▶ [INSTRUCTIONS TO FOLLOW]:
For each entry, repeat the text exactly and omit any picture it holds.

▶ [DATA SUPPLIED]:
--*--
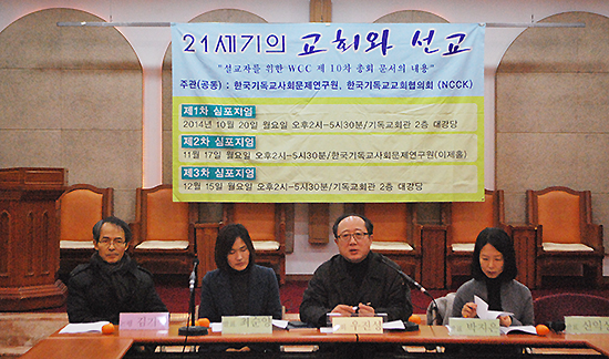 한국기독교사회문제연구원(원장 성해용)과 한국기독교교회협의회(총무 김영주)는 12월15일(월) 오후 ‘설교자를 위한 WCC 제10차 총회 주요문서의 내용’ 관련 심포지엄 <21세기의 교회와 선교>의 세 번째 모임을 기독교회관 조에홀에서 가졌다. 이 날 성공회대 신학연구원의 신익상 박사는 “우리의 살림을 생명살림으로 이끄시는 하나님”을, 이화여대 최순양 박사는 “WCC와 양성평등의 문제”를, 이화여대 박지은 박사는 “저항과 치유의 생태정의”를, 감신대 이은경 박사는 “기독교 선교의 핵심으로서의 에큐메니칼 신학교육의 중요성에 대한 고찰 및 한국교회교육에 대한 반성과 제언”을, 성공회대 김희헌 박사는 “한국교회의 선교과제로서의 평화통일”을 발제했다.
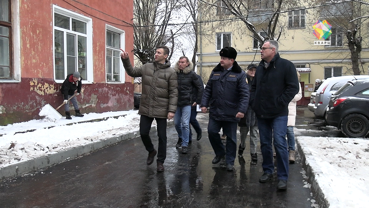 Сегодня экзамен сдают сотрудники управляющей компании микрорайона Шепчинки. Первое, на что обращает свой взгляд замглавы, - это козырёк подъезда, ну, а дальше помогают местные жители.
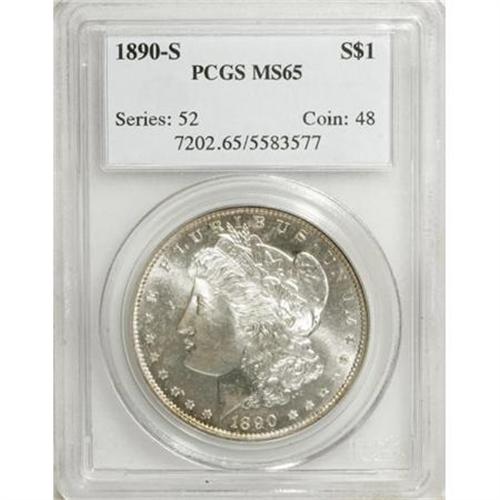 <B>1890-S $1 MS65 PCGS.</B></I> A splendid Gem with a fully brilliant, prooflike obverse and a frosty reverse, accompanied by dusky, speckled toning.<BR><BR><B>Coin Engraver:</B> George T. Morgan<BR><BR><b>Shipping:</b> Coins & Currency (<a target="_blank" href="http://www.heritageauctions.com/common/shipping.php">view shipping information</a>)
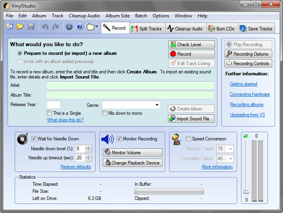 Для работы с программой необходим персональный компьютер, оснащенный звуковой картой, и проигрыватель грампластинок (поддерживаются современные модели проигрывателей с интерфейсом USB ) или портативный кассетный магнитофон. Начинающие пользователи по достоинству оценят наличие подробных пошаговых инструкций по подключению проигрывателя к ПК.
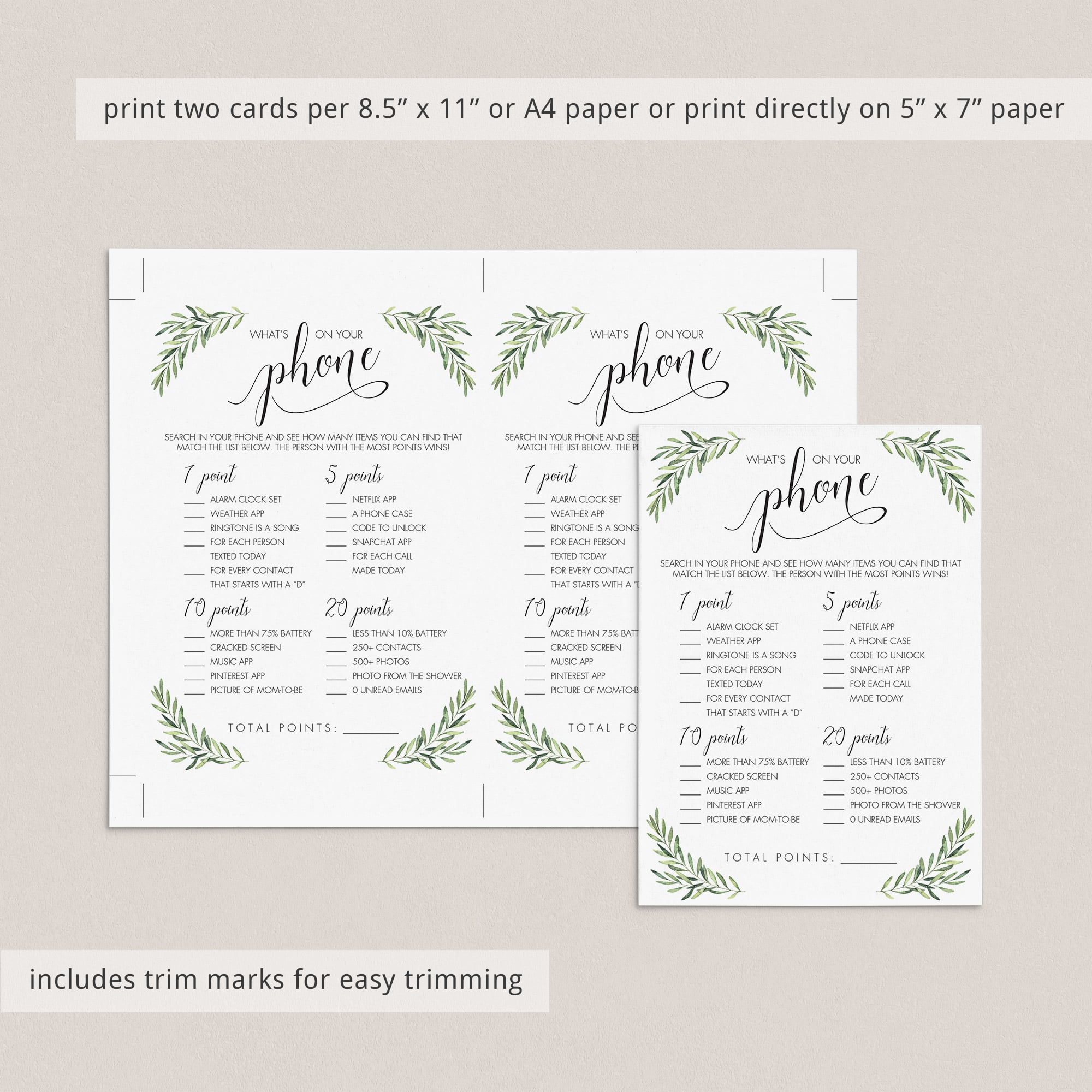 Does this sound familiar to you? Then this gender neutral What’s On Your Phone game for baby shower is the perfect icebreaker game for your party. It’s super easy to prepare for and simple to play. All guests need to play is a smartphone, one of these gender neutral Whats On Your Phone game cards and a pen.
--*--
▶ [SOLUTION TO THE PROBLEM]:
 한국기독교사회문제연구원(원장 성해용)과 한국기독교교회협의회(총무 김영주)는 12월15일(월) 오후 ‘설교자를 위한 WCC 제10차 총회 주요문서의 내용’ 관련 심포지엄 <21세기의 교회와 선교>의 세 번째 모임을 기독교회관 조에홀에서 가졌다. 이 날 성공회대 신학연구원의 신익상 박사는 “우리의 살림을 생명살림으로 이끄시는 하나님”을, 이화여대 최순양 박사는 “WCC와 양성평등의 문제”를, 이화여대 박지은 박사는 “저항과 치유의 생태정의”를, 감신대 이은경 박사는 “기독교 선교의 핵심으로서의 에큐메니칼 신학교육의 중요성에 대한 고찰 및 한국교회교육에 대한 반성과 제언”을, 성공회대 김희헌 박사는 “한국교회의 선교과제로서의 평화통일”을 발제했다.
 Сегодня экзамен сдают сотрудники управляющей компании микрорайона Шепчинки. Первое, на что обращает свой взгляд замглавы, - это козырёк подъезда, ну, а дальше помогают местные жители.
 <B>1890-S $1 MS65 PCGS.</B></I> A splendid Gem with a fully brilliant, prooflike obverse and a frosty reverse, accompanied by dusky, speckled toning.<BR><BR><B>Coin Engraver:</B> George T. Morgan<BR><BR><b>Shipping:</b> Coins & Currency (<a target="_blank" href="http://www.heritageauctions.com/common/shipping.php">view shipping information</a>)
 Для работы с программой необходим персональный компьютер, оснащенный звуковой картой, и проигрыватель грампластинок (поддерживаются современные модели проигрывателей с интерфейсом USB ) или портативный кассетный магнитофон. Начинающие пользователи по достоинству оценят наличие подробных пошаговых инструкций по подключению проигрывателя к ПК.
 Does this sound familiar to you? Then this gender neutral What’s On Your Phone game for baby shower is the perfect icebreaker game for your party. It’s super easy to prepare for and simple to play. All guests need to play is a smartphone, one of these gender neutral Whats On Your Phone game cards and a pen.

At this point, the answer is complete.